Truth is in the eye of the trekker

Ground Truth Trekking children appreciate nature and change

Katmai McKittrick held the purple nylon bag open by the two rods and flapped it down once, twice, three times. The bag led to a valve connected to a half-inflated, red packraft.


“See how the inflation bag has air?” he said.

He twisted the rods to close the inflated bag. Then he belly flopped on it. The raft rubber puffed.

“Then you have to untwist it,” he said.

He untwisted it and repeated the process Friday afternoon on the floor of the Kenai Community Library Conference Room. Almost 30 people, mostly adults, milled about.

Katmai is four years old.

He and his family — parents Erin McKittrick and Bretwood “Hig” Higman and two-year-old Lituya Higman — had returned in mid July from an 800-mile trek around the perimeter of Cook Inlet. They had used Katmai’s technique often to cross the many rivers that ran into the salt water. Their adventures are well publicized. They are Ground Truth Trekking.

That night, Erin and Hig were presenting Erin’s second book, “Small Feet, Big Land: Adventure, Home and Family on the Edge of Alaska.” The book is about their lifestyle, their treks and the “very different world” their children may grow up in, according to the description on, Erin’s blog.

During the slide show, the wife and husband showed pictures of meandering bears and dilapidated tents, curious kids and crumbling glaciers. They spoke about Seldovia yurt life, their family adventures and the signs they have seen along the Alaska coast of climate change.

Coastlines are eroding so fast, fishermen troll waters marked on maps as forests, Hig said. Permafrost is melting, and sinkholes pock the beaches of the Chukchi Sea where the sand falls into the earth, Erin said.
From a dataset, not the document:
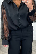 Silky Lace Sleeve Blouse - Black
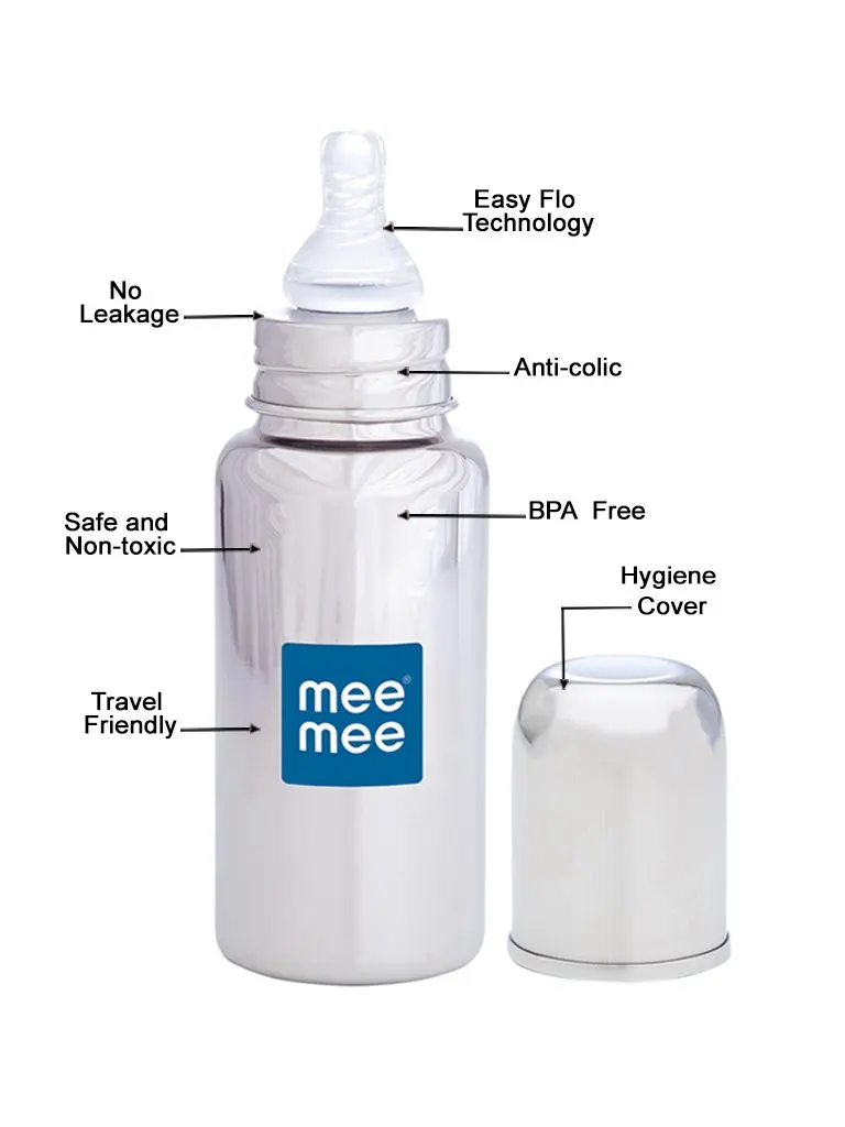 A well-fed baby is a happy baby. Mee Mee Premium Steel Feeding Bottle gives your baby the most comfortable feeding experience with the right intake of feed and reduced air intake through its specially designed anti-colic nipple.

An elder in the village of Kivalina told them that homes began sluffing into the ocean 60 years ago, Hig said.

Funny River Road resident Donny Joachim said the change is obvious. Look back only 10 years, he said.

Many children today hook into TVs, iPads, Xboxs. They suck down electricity; they gobble gas. Their impacts, he said, generally go unnoticed.

But Katmai and Lituya live in a yurt. They don’t have cable. They are off the grid. Joachim’s two kids, 3-year-old Banyan and 2-year-old Sequoia, are the same. When Joachim and his family need heat, they chop firewood. When they need power, they have a generator. It’s their own energy, Joachim said.

Katmai and Lituya, and children like them, will grow up different, he said.

“I don’t see these guys being championship Xbox players,” he said. “I see these guys being sure of the footprint they leave behind.”

If other children grow up resilient and as learners, they will adapt to the coming changes, said Dan Chay, of Kenai. While the outdoor lifestyle is too much for some, others flourish in it, he said.

Erin’s mother, Niki Hoagland, said Katmai and Lituya will grow up advocates because they are engulfed in the outdoors, she said.

Hoagland joined her daughter, son-in-law and two grandchildren for the last month-long leg of their trek around Cook Inlet. Probably because both their parents are biologists, her two grandchildren are constantly learning. Katmai even taught Hoagland on their walk back about plants, she said.

“Everywhere they go,” she said, “it’s an opportunity to explain the world.”

It was now after the slideshow, and Katmai was back at the packraft. This time it was a black boat, fully inflated.

He bounced on and off its bow.

One of Joachim’s kids ran around the raft swinging the blade of a paddle like a sword.

Erin and Hig answered questions.

Katmai said it’s too hard to explain why he enjoys being outside. He shook his head. It’s easier, he said, to talk about dinosaurs.

Giganotosaurus was the biggest meat eater, he said. It is from the Cretaceous Period — that’s pronounced “kri-ta-shes.” That’s the last of the three dinosaur periods, he said.

He toyed with the raft’s heavy-duty zipper. It would still be bigger than all of the other carnivores even if it lived in the Triassic Period or Jurassic Period. It was even bigger than the Tyrannosaurus Rex, he said.

His blue eyes looked up.

“And now I’m not so interested in dinosaurs,” he said; “now I’m more interested in airplanes.”